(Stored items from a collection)
+ + + + +
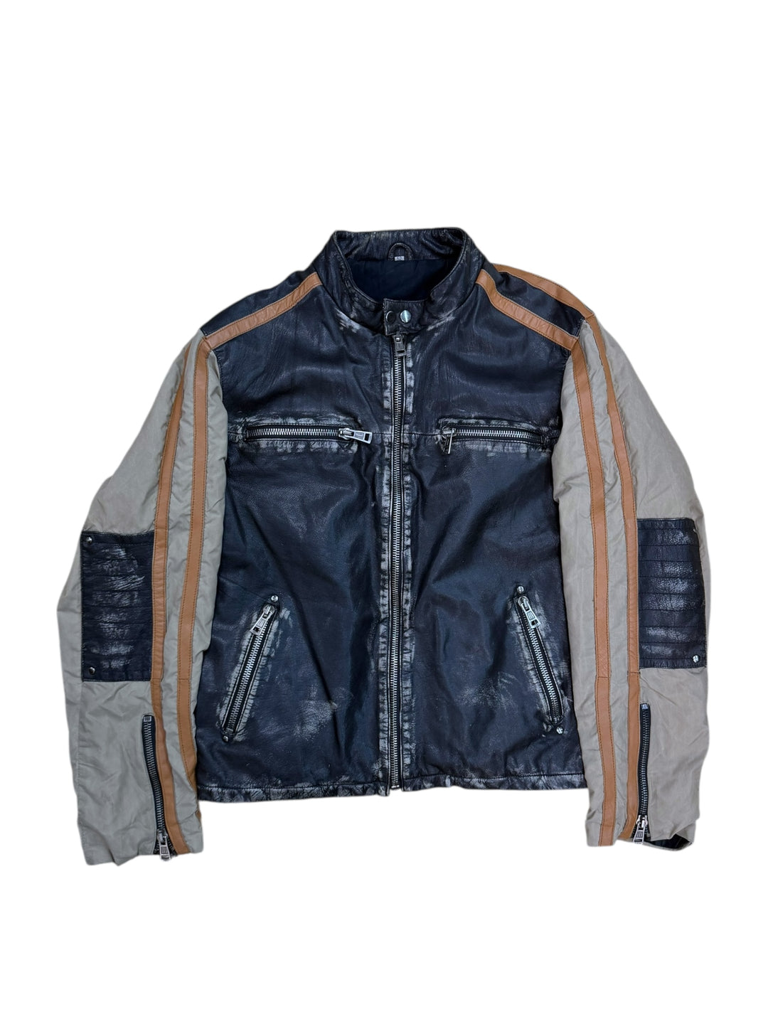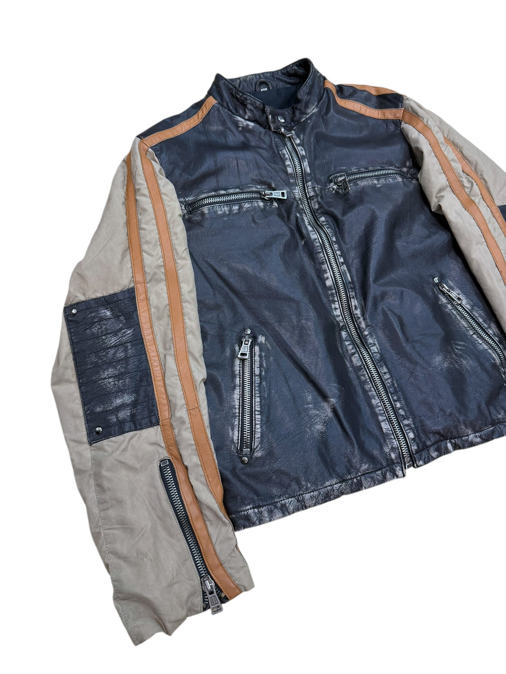Vintage leather colorblock biker jacket l-xl
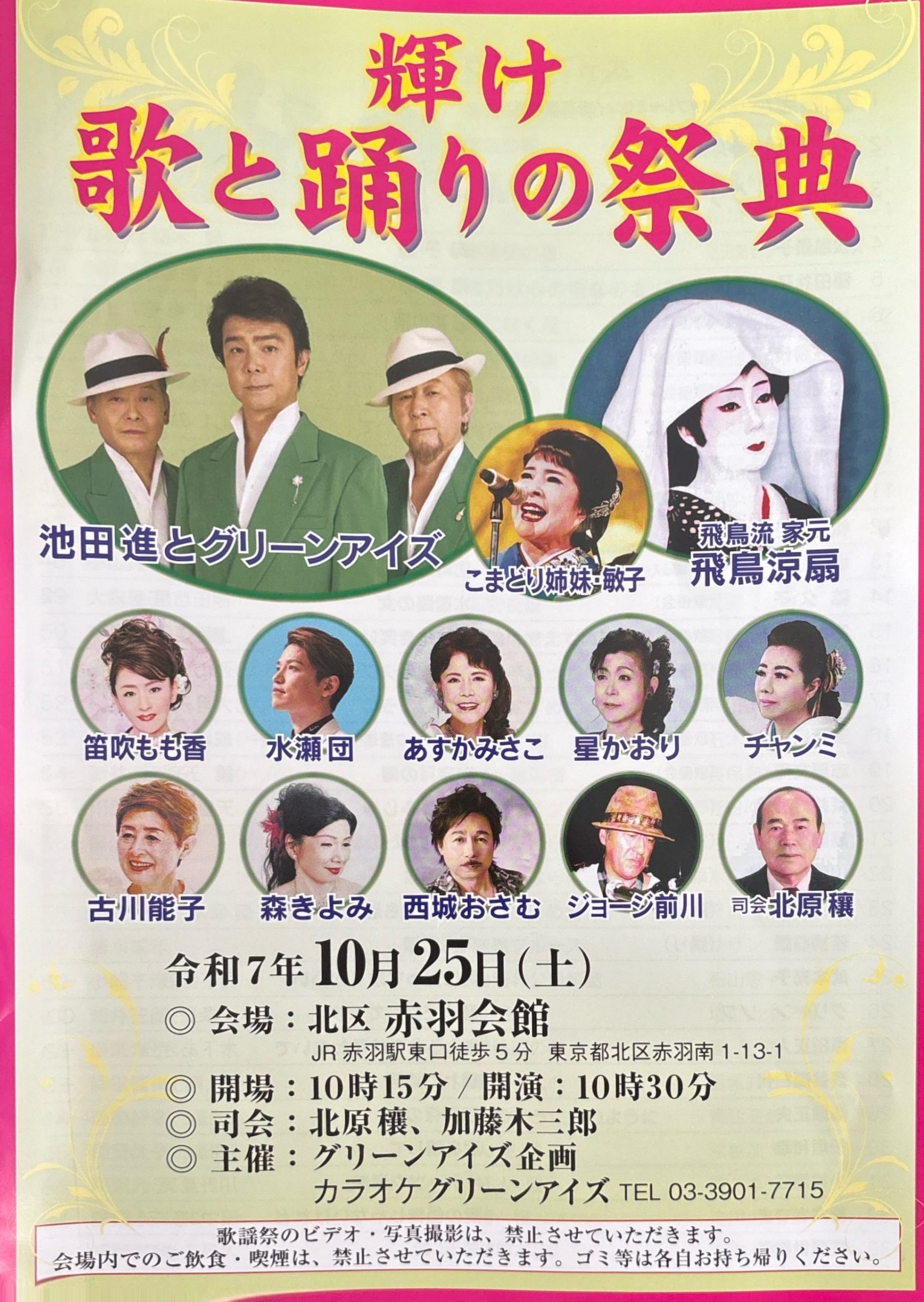 | 9月8日 | 会場:北区赤羽会館 歌と踊りの祭典 開場:10時15分 開演:10時30分 |
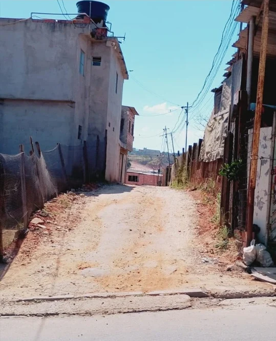 A travessa, que fica próxima à Estrada da Parteira e à Rua dos Anjos, enfrenta problemas constantes de poeira, lama e dificuldade de acesso, afetando a rotina de famílias que aguardam por melhorias.
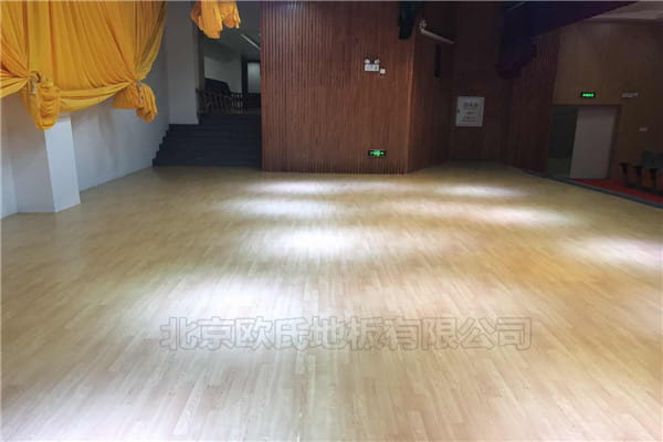 北京世纪耐德科技有限公司承接广东汕尾市陆河县某体育馆会议室舞台地胶,该项目负责人选择的是小丑系列枫木纹舞台地胶,铺设面积150平米,现已铺设完成结束验收.
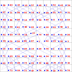 La decisión de dónde colocar cada objeto viene determinada por un bicuadrado latino ortogonal de orden 10: en cada cuadro de la cuadrícula de 10×10, se incluye un par ordenado de dígitos, de modo que cada dígito está presente una sola vez en cada línea y en cada columna, y además no existen dos cuadros que contengan el mismo par ordenado. Así, cada capítulo tiene un par (a,b) asociado, lo que significa incluir en dicho capítulo a elementos de la primera lista, y b elementos de la segunda lista. Por ejemplo, como el capítulo 3 tiene asociado el par (2,5), entonces en este capítulo deben usarse los elementos 1-1-2, 2-1-2, ..., 21-1-2, así como los elementos 1-2-5, 2-2-5, ..., 21-2-5. Esta estrategia, no obstante, no es utilizada de manera tan estricta, pues el autor se permite escoger en ciertos casos algunos elementos de sublistas particulares, y además permutar el bicuadrado latino ortogonal, sobre la base de lo que en matemáticas se conoce como una pseudo-quenina de orden 10, aumentando así las posibilidades de elección.[5]
+ + + + +
* **Assigned task**: An exact copy of the records above is required, leaving out the pictures.

* **Solution below**:
Vintage leather colorblock biker jacket l-xl
 | 9月8日 | 会場:北区赤羽会館 歌と踊りの祭典 開場:10時15分 開演:10時30分 |
 A travessa, que fica próxima à Estrada da Parteira e à Rua dos Anjos, enfrenta problemas constantes de poeira, lama e dificuldade de acesso, afetando a rotina de famílias que aguardam por melhorias.
 北京世纪耐德科技有限公司承接广东汕尾市陆河县某体育馆会议室舞台地胶,该项目负责人选择的是小丑系列枫木纹舞台地胶,铺设面积150平米,现已铺设完成结束验收.
 La decisión de dónde colocar cada objeto viene determinada por un bicuadrado latino ortogonal de orden 10: en cada cuadro de la cuadrícula de 10×10, se incluye un par ordenado de dígitos, de modo que cada dígito está presente una sola vez en cada línea y en cada columna, y además no existen dos cuadros que contengan el mismo par ordenado. Así, cada capítulo tiene un par (a,b) asociado, lo que significa incluir en dicho capítulo a elementos de la primera lista, y b elementos de la segunda lista. Por ejemplo, como el capítulo 3 tiene asociado el par (2,5), entonces en este capítulo deben usarse los elementos 1-1-2, 2-1-2, ..., 21-1-2, así como los elementos 1-2-5, 2-2-5, ..., 21-2-5. Esta estrategia, no obstante, no es utilizada de manera tan estricta, pues el autor se permite escoger en ciertos casos algunos elementos de sublistas particulares, y además permutar el bicuadrado latino ortogonal, sobre la base de lo que en matemáticas se conoce como una pseudo-quenina de orden 10, aumentando así las posibilidades de elección.[5]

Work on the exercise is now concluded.